#### [Exercise]
With images removed, return the whole listing exactly as written.

#### [Supplied information]
───

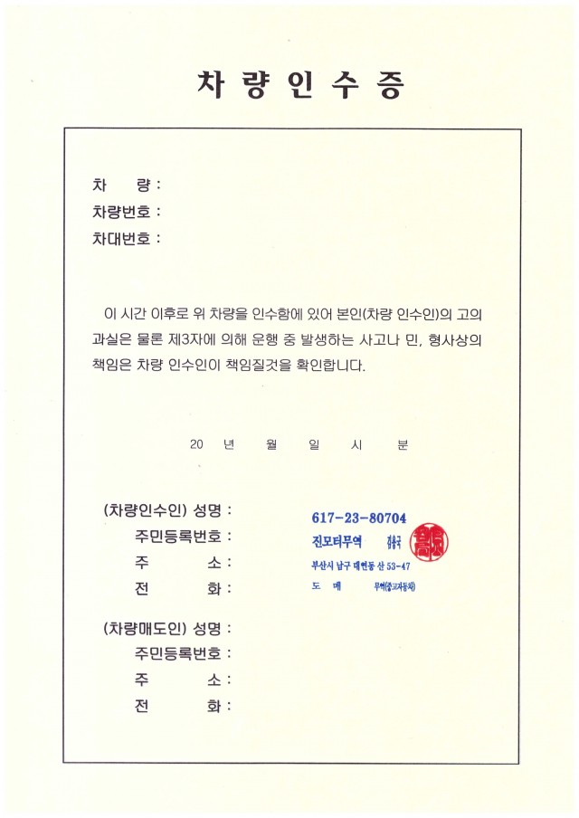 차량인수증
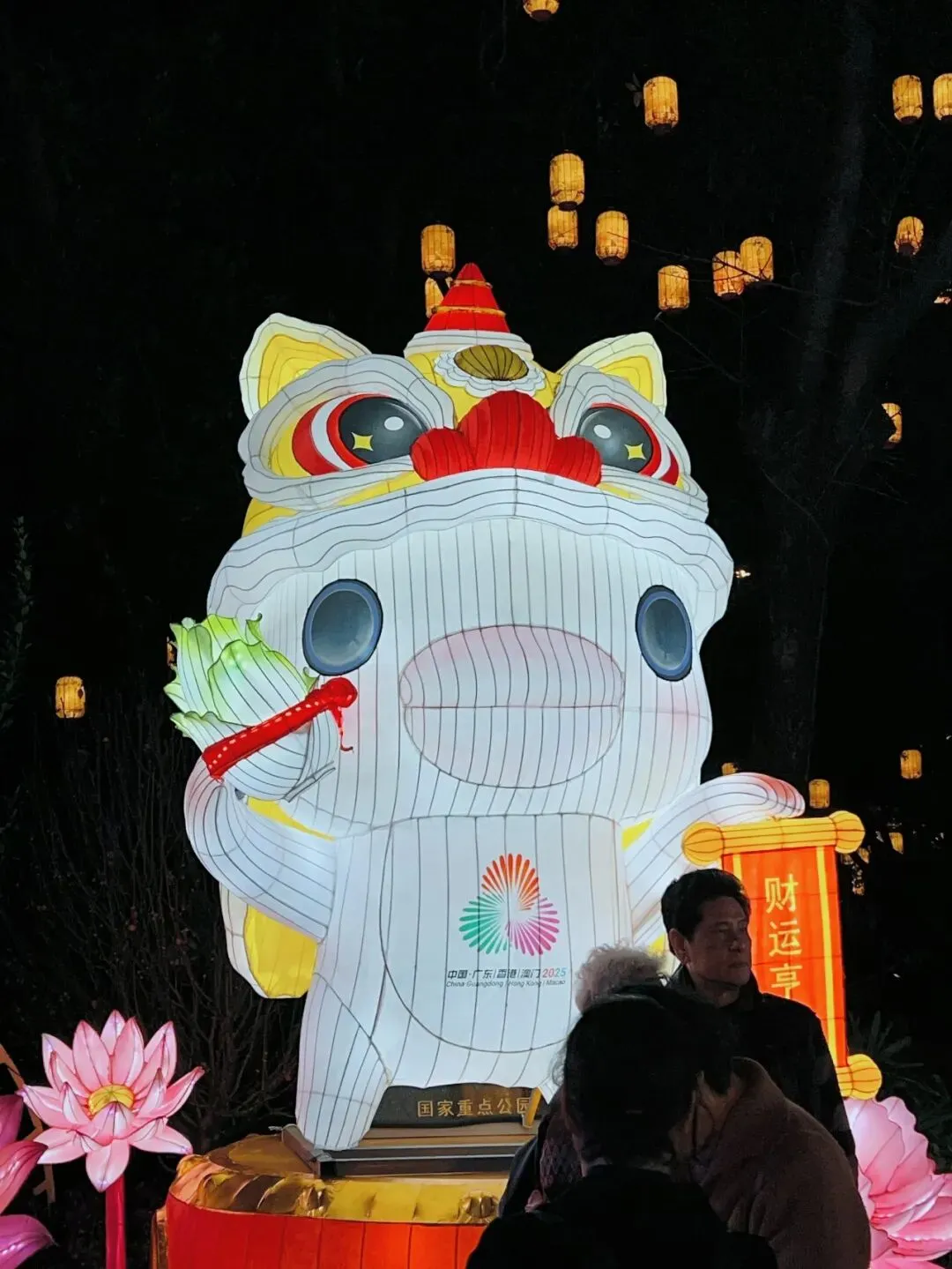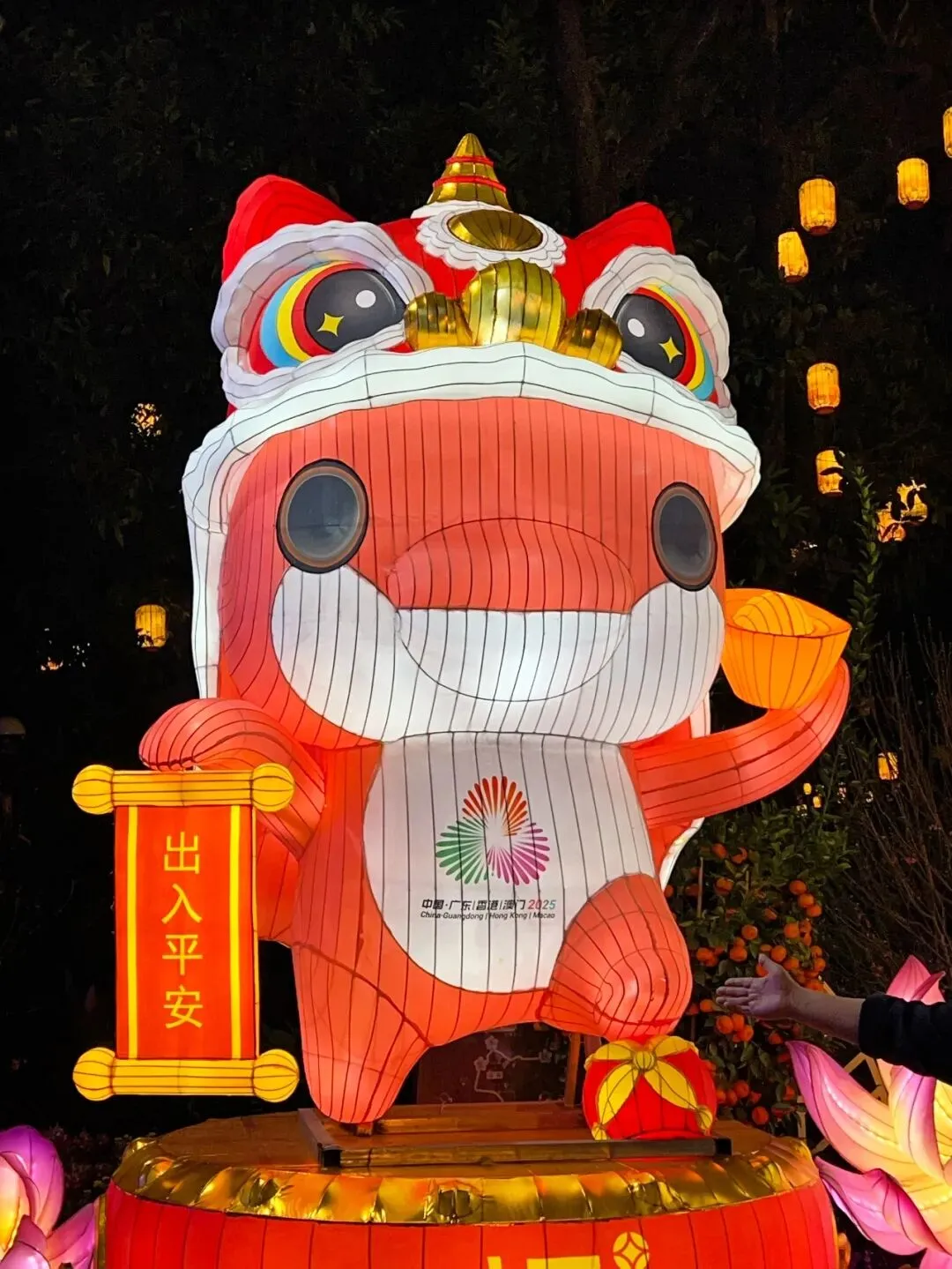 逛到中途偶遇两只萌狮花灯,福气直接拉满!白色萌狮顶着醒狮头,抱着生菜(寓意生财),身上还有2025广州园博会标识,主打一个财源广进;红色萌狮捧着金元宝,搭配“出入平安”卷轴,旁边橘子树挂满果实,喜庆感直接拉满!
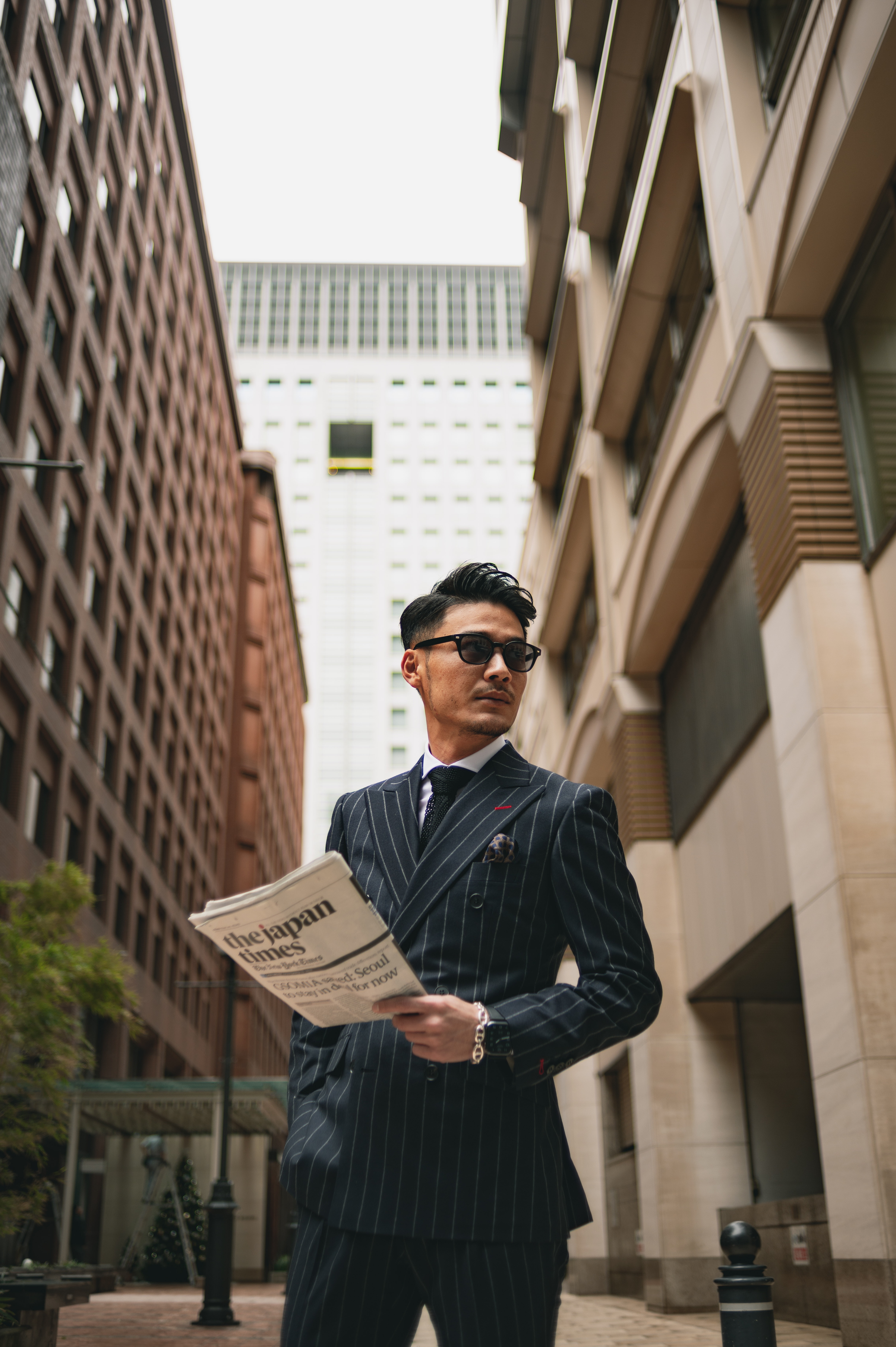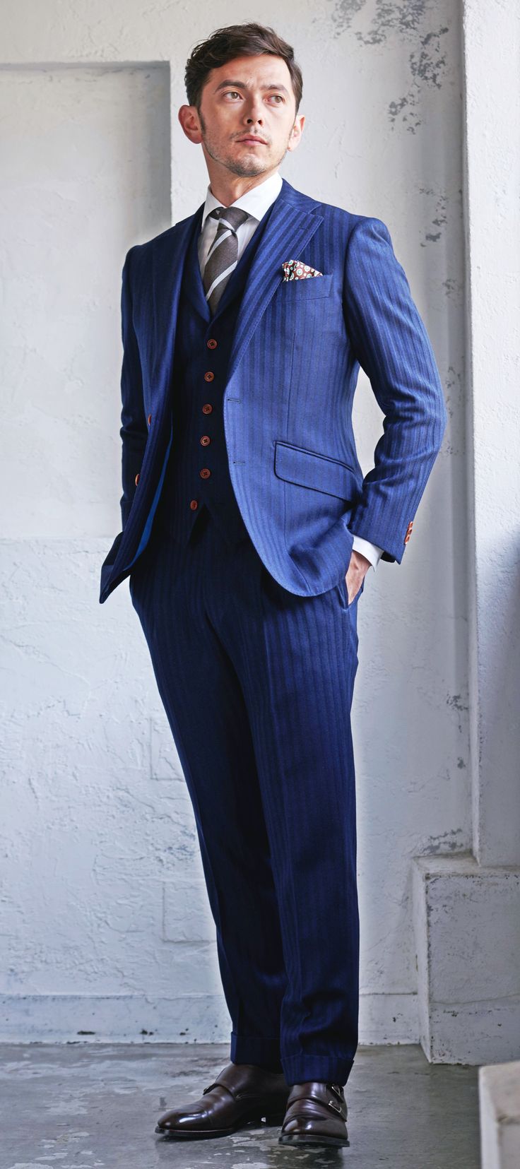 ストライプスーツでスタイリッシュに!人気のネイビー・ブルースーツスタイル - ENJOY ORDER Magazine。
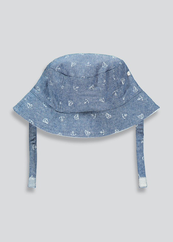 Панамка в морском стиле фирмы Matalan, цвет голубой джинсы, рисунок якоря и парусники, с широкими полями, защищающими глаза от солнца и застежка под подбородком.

───

#### [Response for this exercise]
 차량인수증
 逛到中途偶遇两只萌狮花灯,福气直接拉满!白色萌狮顶着醒狮头,抱着生菜(寓意生财),身上还有2025广州园博会标识,主打一个财源广进;红色萌狮捧着金元宝,搭配“出入平安”卷轴,旁边橘子树挂满果实,喜庆感直接拉满!
 ストライプスーツでスタイリッシュに!人気のネイビー・ブルースーツスタイル - ENJOY ORDER Magazine。
 Панамка в морском стиле фирмы Matalan, цвет голубой джинсы, рисунок якоря и парусники, с широкими полями, защищающими глаза от солнца и застежка под подбородком.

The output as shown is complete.